How well do our predictions match reality?
| Domain | Brier | Log Loss | AUC-ROC | N |
|---|---|---|---|---|
| Caucasus | 0.037 | 0.195 | 0.78 | 48 |
| Iran | 0.082 | 0.311 | 0.58 | 48 |
| Israel_Lebanon | 0.067 | 0.273 | 0.92 | 48 |
| Korean_Peninsula | 0.019 | 0.145 | 0.50 | 48 |
| Red_Sea | 0.015 | 0.127 | 0.50 | 48 |
| Sahel | 0.040 | 0.209 | 0.35 | 48 |
| South_China_Sea | 0.083 | 0.314 | 0.75 | 48 |
| Taiwan_Strait | 0.019 | 0.144 | 0.50 | 48 |
| Ukraine | 0.065 | 0.265 | 0.83 | 48 |
| Venezuela | 0.068 | 0.278 | 0.70 | 48 |
Measures the mean squared difference between predicted probabilities and actual outcomes. Ranges from 0 (perfect) to 1 (worst). A climatological baseline (always predicting the base rate) typically scores around 0.25. Scores below 0.1 indicate strong calibration.
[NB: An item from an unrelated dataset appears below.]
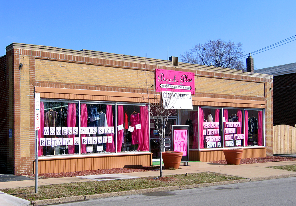 This charming little building was previously a day care, and it didn’t sit vacant for too long. I watched the place getting fixed up by new tenants, and prayed real hard for a coffeehouse. But plus size retail, resale and altering is just as good, and actually more unique and practical than a coffeehouse, especially the resale aspect in a crap economy. So, here’s wishing the best of luck to this small spot of optimism in our neighborhood!

Penalizes confident wrong predictions more heavily than the Brier score. A prediction of 95% for an event that does not occur is punished severely. Lower values indicate better probabilistic discrimination.
Area Under the Receiver Operating Characteristic curve. Measures the model's ability to discriminate between positive and negative outcomes regardless of the chosen threshold. 0.5 = random guessing, 1.0 = perfect discrimination.
The number of forecasts that have reached their resolution date and been scored against ground truth. Calibration metrics are only meaningful with a sufficient sample size (N > 30).